1. Gün İstanbul - Diyarbakır - Hasankeyf - Midyat

Sabah, Sabiha Gökçen Havaalanı'ndan, saat 06.45'deki Pegasus Hava Yollarının PC 2380 uçuşuyla Diyarbakır'a hareket. Saat 08.40'ta Diyarbakır'a varış ve karşılama. Dicle kıyısındaki,
Dünya Mirası Listesi'nde yer alan
Hevsel Bahçeleri'ne transfer. Bu bahçeler, Dicle Nehri kıyısında, Diyarbakır Kalesi ile nehir vadisi arasında yer alan yaklaşık yedi yüz hektarlık verimli arazi olup, Güneydoğu Anadolu Bölgesi'nin en büyük kuş cennetidir. 180'den fazla kuş türünün yanı sıra susamuru, tilki, sansar, sincap ve kirpi gibi birçok memelinin de barınağı olup Türkiye'de nadir bulunan yaz atmacalarına da ev sahipliği yaptığı bilinir. Daha sonra Diyarbakır'ın keşfi: Mezopotamya ile Anadolu Medeniyetleri'nin geçiş noktasında olan Diyarbakır'ın tarihi MÖ. 3000 yıllarına kadar uzanır. Bu dönemde şehrin merkezinde, Hitit ve Hurri-Mittani egemenliği yaşanmış ve MÖ 1260 dan sonra sırasıyla Asurlular, Aramiler, Urartular, İskitler, Medler, Persler, Makedonyalılar, Selevkoslar, Partlar, Ermeniler,Romalılar, Sasaniler, Bizanslılar, Emeviler, Abbasiler,Şeyhoğulları, Hamdaniler, Mervaniler, Selçuklular,İnaloğulları, Nisanoğulları, Artuklular, Eyyübiler, Moğollar, Akkoyunlular, Safeviler ve Osmanlılar Diyarbakır'a egemen olmuşlar.

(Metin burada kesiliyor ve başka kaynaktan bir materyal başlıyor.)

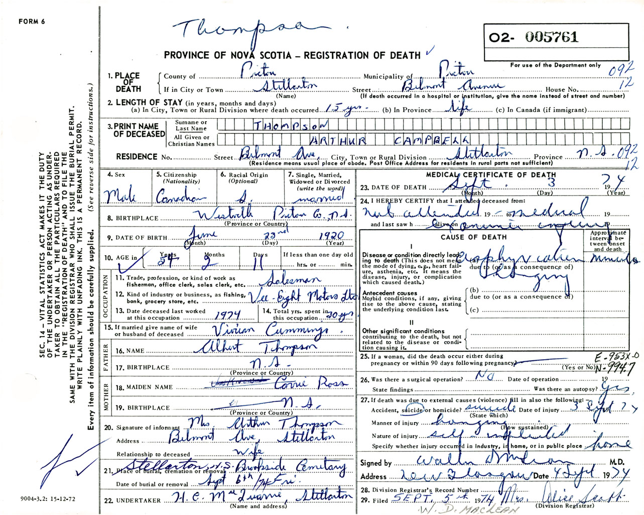 Male Death Registration: Year: 1974 number: 5761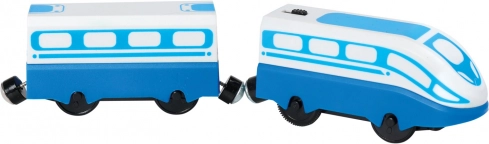 Ta visokohitrostna električna lokomotiva z vagončkom je idealen dodatek vsaki leseni železnici. Zaradi kompaktnih mer, enostavnega upravljanja in magnetne povezave z vagončkom bo otrokom zagotavljala ure zabave ter hkrati razvijala fino motoriko in domišljijo.

Dünya Mirası Listesi'nde yer alan ve yukardan bakıldığında balığa benzeyen 5.5 km uzunluğu ve 7-8 m yüksekliği ile Çin Seddi'nden sonra Dünya'nın en uzun surları olması ile ünlenen
Diyarbakır Surları, şüphesiz kentin en ilgi tarihi eserleridir. 16 kalesi ve 5 çıkış kapısı bulunan siyah bazalttan yapılmış. Ortaçağ askeri mimarisinin muhteşem örneğini oluşturan bu surlar yazıtlar ve kabartmalarla dekore edilmiş. Surlar ve Keçi Burcu gezilerinin ardından, şehrin en eski yerleşim alanı olarak kabul edilen ve son senelerde ciddi bir retorasyon geçiren
İç Kale gezisi: Saint George Kilisesi, Arkeoloji Müzesi, Taş Eserler Müzesi, Virantepe Höyüğü kazı alanı, Aslanlı Çeşme ve eski saray kalıntıları ... Daha sonra, M.S. 639 yılında Mar-Tama kilisesinden camiye çevrilerek kara taşlarla inşa edilen ve Anadolu'nun en eski camisi olan
Ulu Camii gezisi ile devam: Avlusundaki şadırvanları, çeşitli devirlere ait kitabeleri yönünden büyük değer taşımaktadır. Ulu Camii'nin yanında bulunan, 1194 yılında Artuklu Melikül Mesut Kutbudin Ebu Muzaffer Sokman zamanında inşaasına başlanan
Mesudiye Medresesi şehirde yapılan ilk büyük medrese olup "Anadolu'nun ilk üniversitesi" olarak kabul edilir. Ortasında avlu bulunan Medrese kesme taş ile yapılmıştır. Ardından, 3. yüzyıldan kalma
Meryem Ana Kilisesi gezisi: Ortodoks Süryanilere ait faal durumda olan Kilise'nin ahşap işçiliği, sütunları, sütun başlıkları, parmaklıkları, kürsüleri ve ikonaları ilgi çekicidir. Son olarak,
Anadolu'nun tek dört ayaklı minare örneği olan Şeyh Mutahhar Camii ziyareti. Dört ayağın önemi, dört İslam mezhebini simgelemesinden gelir. Minare, Akkoyunlular'ın en önemli anıtsal eseridir. Şehir merkezinde öğle yemeği için serbest zaman ve öğleden sonra,
Midyat'a hareket. Yolda, yükselen baraj sularından dolayı artık detaylı gezemediğimiz muhteşem
Hasankeyf' den son nostaljik görüntüleri alabilmek ve kasabanın havasını soluyabilmek için bir mola. Daha sonra,
Tur Abdin bölgesinin en eski köylerinden olan
Anıtlı Köyü'nde bulunan ve günümüzde eşine az rastlanan bir mimari özellikteki
Meryem Ana Kilisesi gezisi. Akşam üstü Midyat'a varış ve otele yerleşme. Akşam yemeği ve geceleme otelde.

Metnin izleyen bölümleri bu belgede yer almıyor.